A diagonal Volterra expansion has a bunch of different kernels, h_1, h_2, h_3 and so on, up to some h_n. In the case of Nebula it's something like 9 kernels. Then you take your input x, and you also square it, cube it, and so on. And each different kernel corresponds to one power term. The math notation will make it look more simple.
y = h_1*x + h_2*x^2 + h_3*x^3 ... h_n*x^n
(n.b. in the general Volterra case, there are different kernels used, say k_n, and they are convolved with all the lower powers i.e. y = k_1*x + k_2*x*x^2 + k_3*x*x^2*x^3 ... and so on. this is more complicated)

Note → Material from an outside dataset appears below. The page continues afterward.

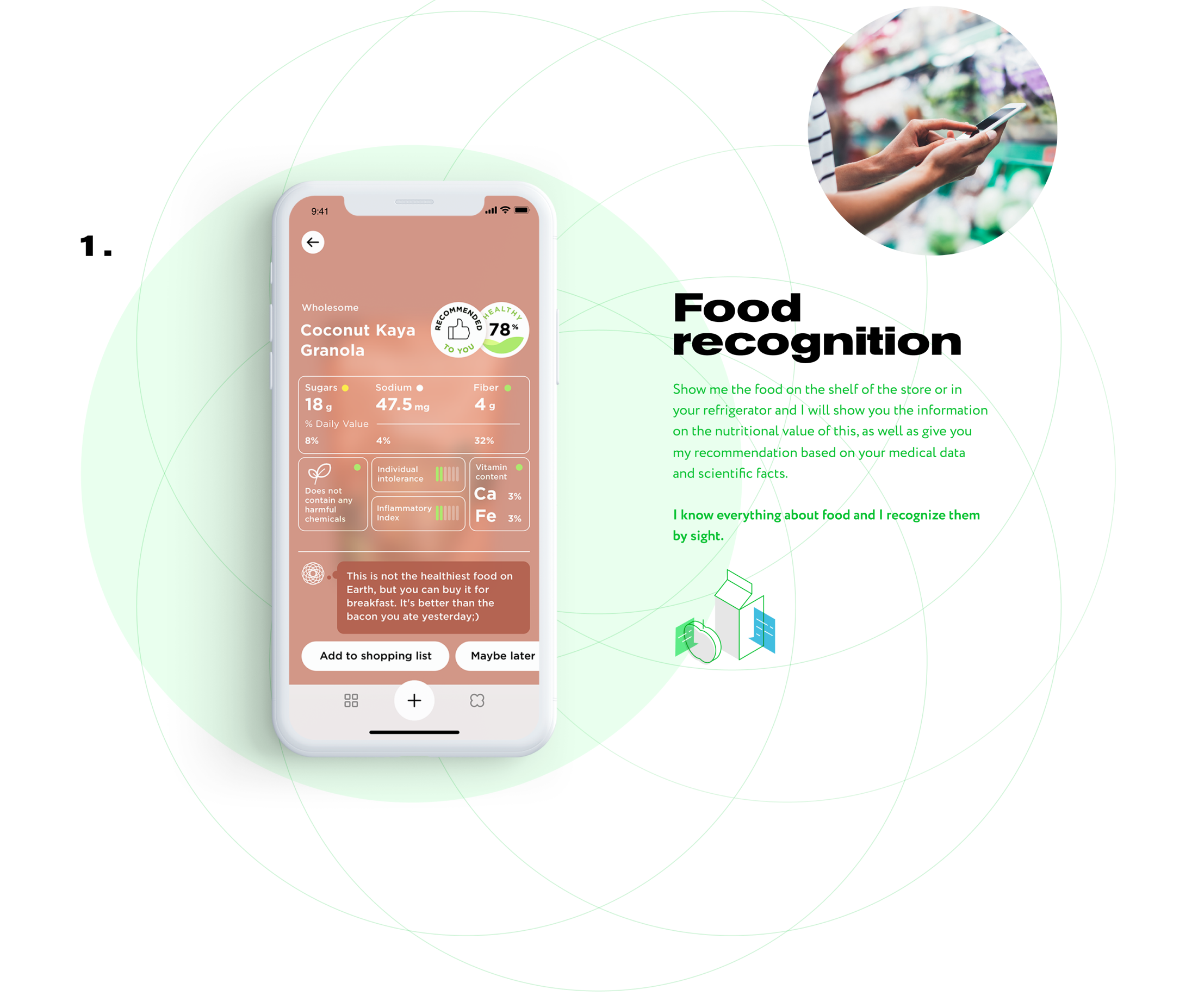 На этом экране интеллектуальный помощник подскажет, стоит ли включать данный продукт в свой рацион или следует поискать замену.

So you can see there are n convolutions. The raising x to a power introduces nonlinearities, and the Volterra kernels "shape" those nonlinearities. Extracting these higher order impulse responses h_n is very simple. The downside is, we're performing n convolutions. Think of the cabinet block right now. It's performing 2 convolution operations since it's a stereo pair. For an nth order diagonal Volterra kernel, it would take 2*n operations in stereo or just n in mono. Put more simply, it would take n times the CPU it currently does, where n is something like 5 or 9. So the CPU couldn't handle it right now.
There are some efficient ways to do this in the frequency domain. First of all frequency domain convolution is way faster. And there's another trick that can result in another speedup but it's sort of technical so I won't bother, it's pretty simple though. But the problem is plain old frequency domain convolution, even though it's very fast, has latency. There is partitioned convolution which has some tradeoff for lower latency, but I don't know if that would be suitable for the Axe. I'm not sure whether the Axe does it in the time-domain or not, only Cliff knows that.
But basically the moral is, whatever the Axe-FX does for convolution right now, doing Volterra kernels would take 5-10 times as much CPU.